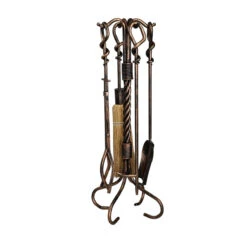 Keep your hearth looking its best with this handy Fireplace Tool Set. These fire tools feature a hand-forged wrought iron twist design on each tool and at the center of the stand. It’s coated with an antique rust finish that will look great on most any hearth. Set includes a shovel, poker, tongs, brush and tool stand. Measures 30″ High.
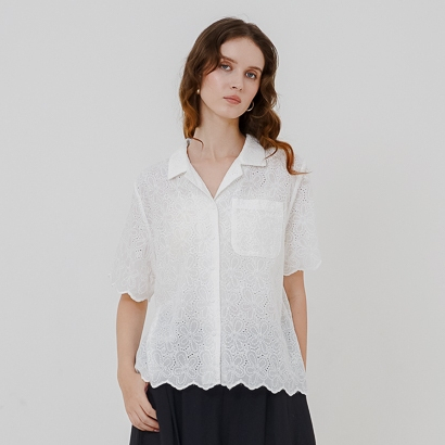 This Is April Atasan Kemeja Wanita Lengan Pendek Crochet Sarah Top White dan Black Original Best Seller Official Store
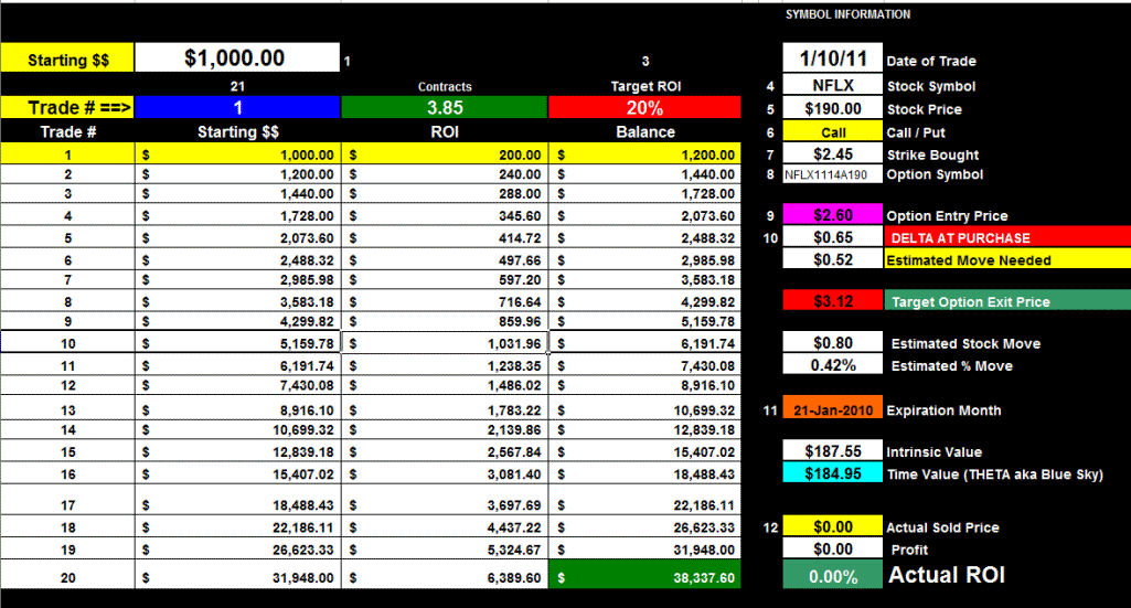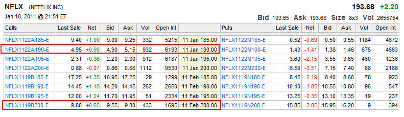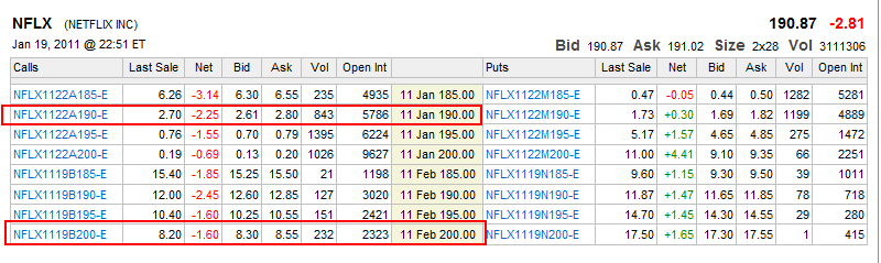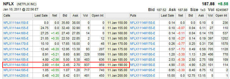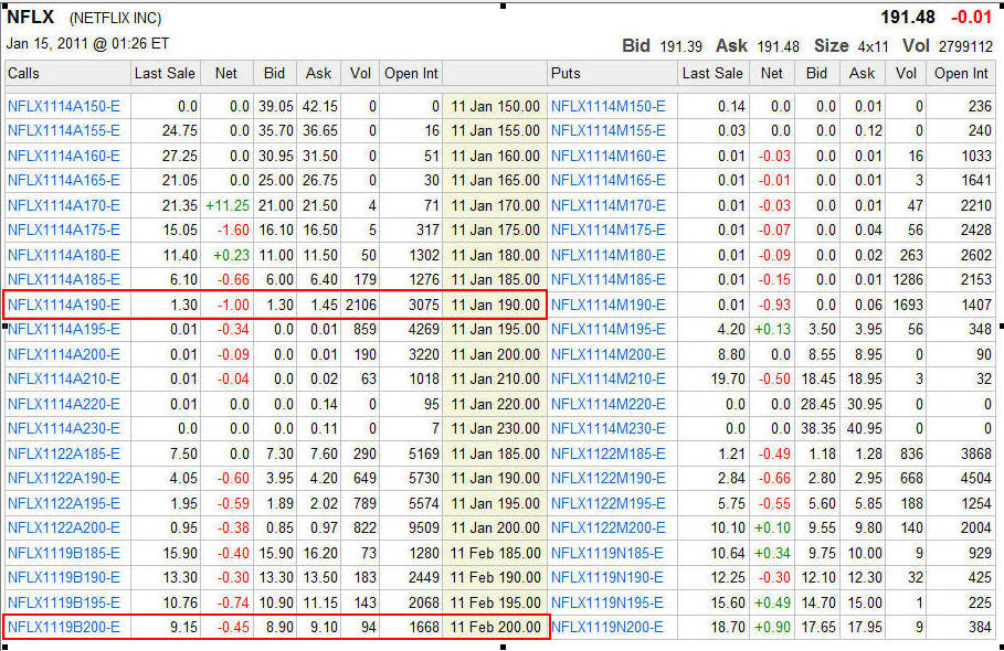 1/18/11 - NFLX is putting on some upside as we head into earnings season. AAPL knocked it out of the park today which bodes well for NFLX since Apple sold 1 million more iPads than projected. This means there are potentially tens of thousands more subscribers for NFLX on demand packages since the iPad can play streaming content on WIFI and/or G3. My compounder play is up over 100% to date and so we are off to a GREAT start for Jan. I will be putting on a straddle Lotto play just in case NFLX does not make the cut at earnings. And if they happen to miss, well, we should be in line to catch a lotta dough.
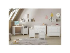 Plus Bureau Avec 1 Porte, 1 Tiroir Et 2 Tablettes De Rangement, Finition Béton/blanc Brillant.
· · ·
ACTION ITEM »
Since pictures are not part of the copy, set down only the remaining data exactly.

ANSWER TO THE PROBLEM »
 Keep your hearth looking its best with this handy Fireplace Tool Set. These fire tools feature a hand-forged wrought iron twist design on each tool and at the center of the stand. It’s coated with an antique rust finish that will look great on most any hearth. Set includes a shovel, poker, tongs, brush and tool stand. Measures 30″ High.
 This Is April Atasan Kemeja Wanita Lengan Pendek Crochet Sarah Top White dan Black Original Best Seller Official Store
 1/18/11 - NFLX is putting on some upside as we head into earnings season. AAPL knocked it out of the park today which bodes well for NFLX since Apple sold 1 million more iPads than projected. This means there are potentially tens of thousands more subscribers for NFLX on demand packages since the iPad can play streaming content on WIFI and/or G3. My compounder play is up over 100% to date and so we are off to a GREAT start for Jan. I will be putting on a straddle Lotto play just in case NFLX does not make the cut at earnings. And if they happen to miss, well, we should be in line to catch a lotta dough.
 Plus Bureau Avec 1 Porte, 1 Tiroir Et 2 Tablettes De Rangement, Finition Béton/blanc Brillant.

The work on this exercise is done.